Sono «i colpi di coda di un tempo che non c’è più», dice l’ex questore di Torino Francesco Messina, parlando degli ultimi episodi che hanno scosso la città, tra proiettili spediti a un giudice, manifesti di minaccia con le foto di rappresentanti delle istituzioni e il volto di Alberto Cirio nello scatto di Aldo Moro, prigioniero delle Brigate Rosse. Gesti «gravi e pericolosi», aggiunge, «ma abbiamo gli anticorpi per poter essere ottimisti». Da responsabile della Direzione centrale anticrimine della Polizia — pur non seguendo in prima persona le indagini — ragiona da investigatore e da buon conoscitore dell’universo antagonista di Torino. Appena arrivato in città, lei disse: «Certe volte, mi sembra di vivere negli anni Ottanta». Perché?

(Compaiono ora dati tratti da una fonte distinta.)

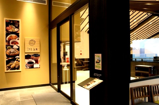 江戸時代、箱根関所周辺で参勤交代の武士が体を休めた箱根宿の”本陣”を現代の箱根で”和モダン”に蘇らせたというのがコンセプトで、1階には、直営売店“おみやげ「箱根百話」(はこねひゃくわ)”のほか、小田原地区の老舗店舗が軒を連ねています。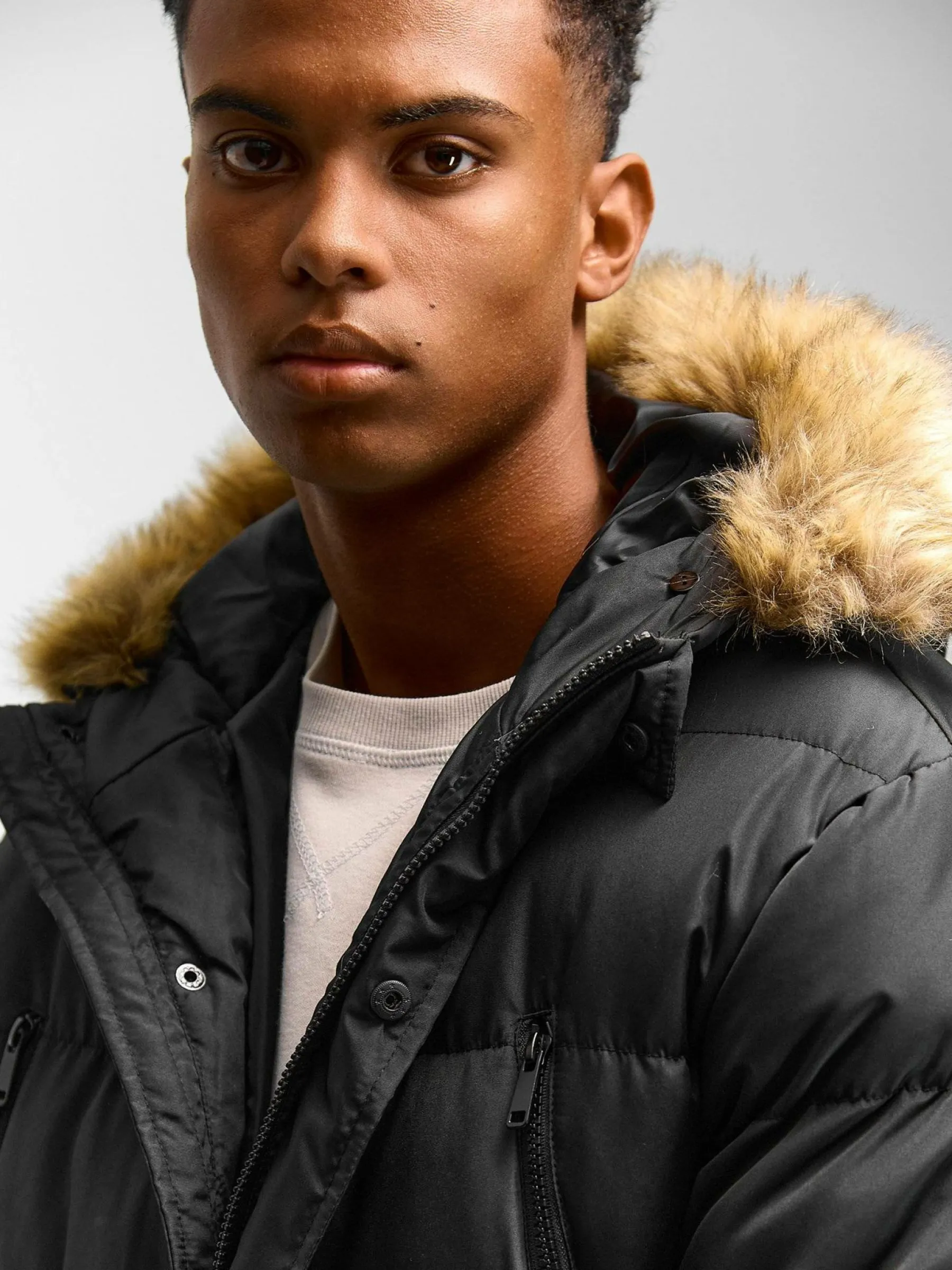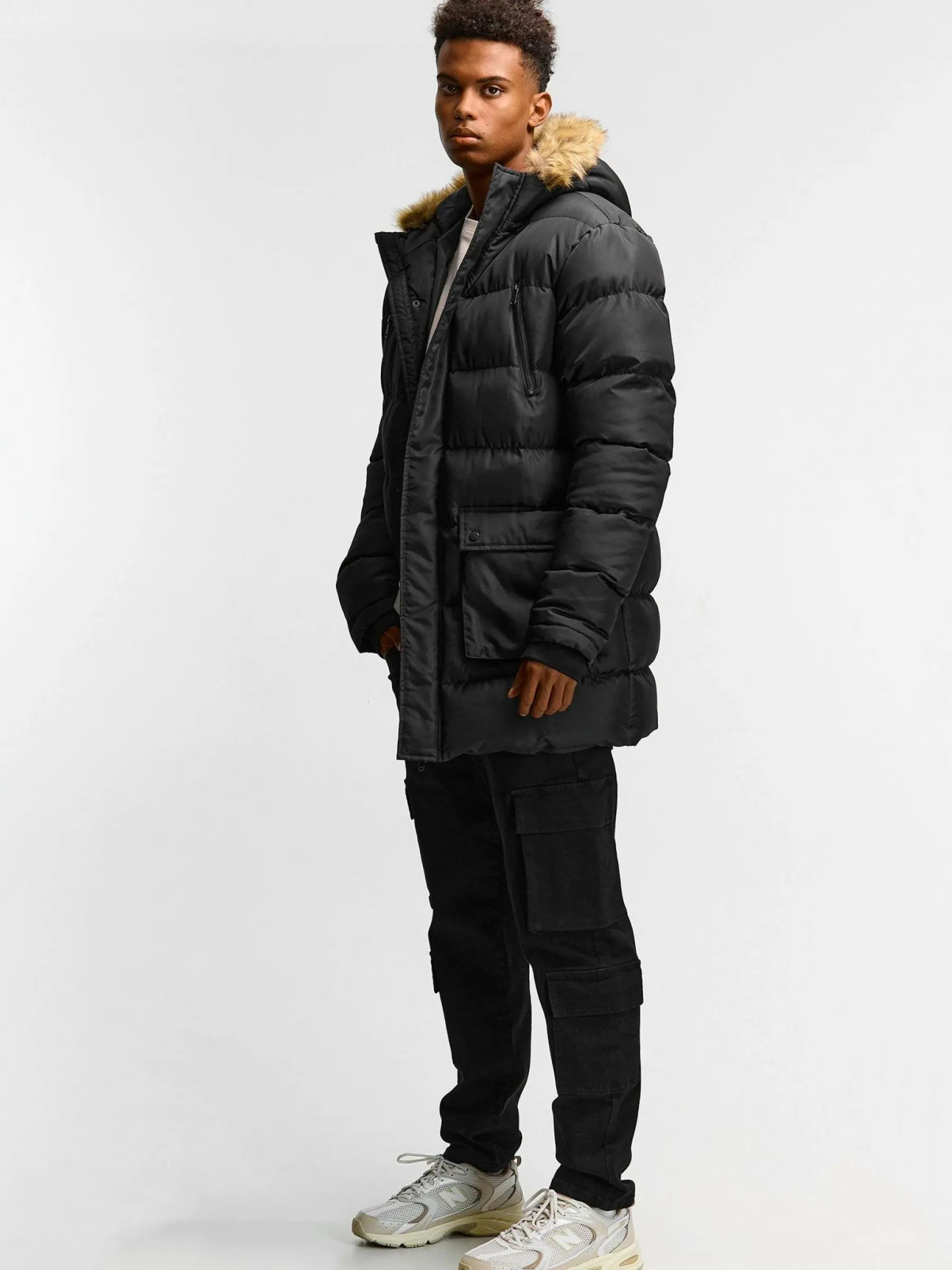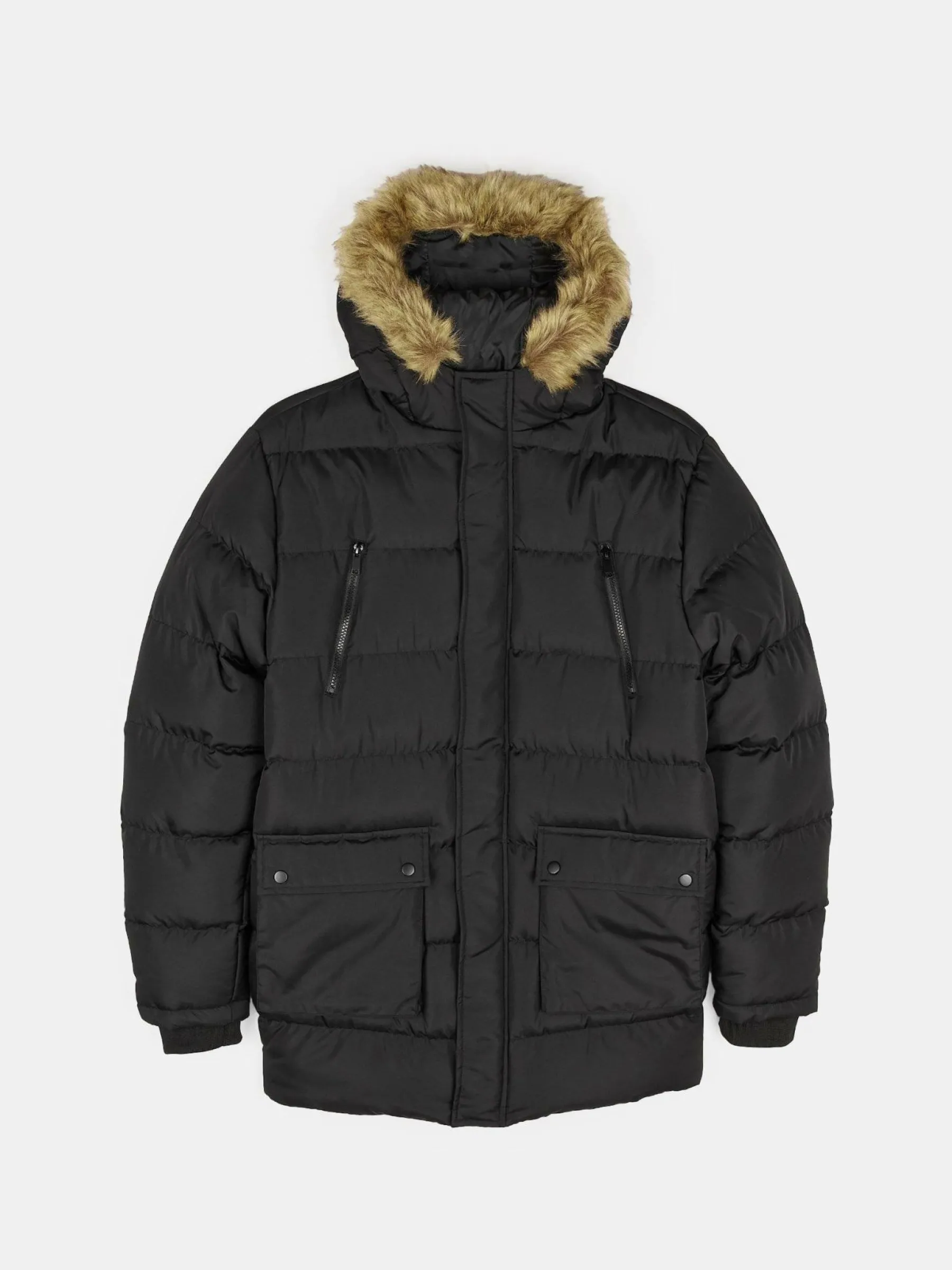 Kolor: czarnyKrój: pikowaneTyp: kurtka zimowaRekaw: długi rękawDługość: krótkiPattern style: pojedynczy kolorDeta…

«Mi riferivo a dinamiche quasi anacronistiche, tipo i centri sociali. Fermenti di questo tipo, in altre realtà li avevano elaborati e superati». Quei manifesti ci hanno riportato indietro?
«Ma no, Torino è cambiata e ora è una città troppo avanzata per permettersi certe cose». Quindi, di cosa si tratta?
«Di gesti assurdi che confermano l’esistenza di piccole aree che fanno fatica a cambiare la prospettiva della protesta». «Assurdi»: ma anche pericolosi?
«Certo, e da non sottovalutare. Ma sono ottimista, perché c’è una polizia giudiziaria che sa cosa fare e una Procura
che ha il know-how per affrontare questi problemi». Quando è cambiata Torino?
«La chiusura dell’asilo occupato è stata la svolta. Insieme a una presenza dello Stato che da attendista si era fatta operativa: dalla gestione della deriva anarco-insurrezionalista a quella delle manifestazioni in piazza». Però i manifesti qualcuno li ha appiccicati.
«C’è uno zoccolo duro che fatica ad adeguarsi. Qualcuno,
più adulto, che cerca di imporre una strategia, in certi ambiti: è una questione di gestione del potere». Le micce sono sempre pericolose, no?
«Sì, ma hanno avuto bisogno di un humus che non esiste più. Anche grazie a un’azione investigativa e di gestione dell’ordine pubblico che sa separare le frange più estreme da chi va in piazza solo per manifestare». Quale è il rischio?
«I colpi di coda di alcuni residui ideologici, e di un tempo che non esiste più».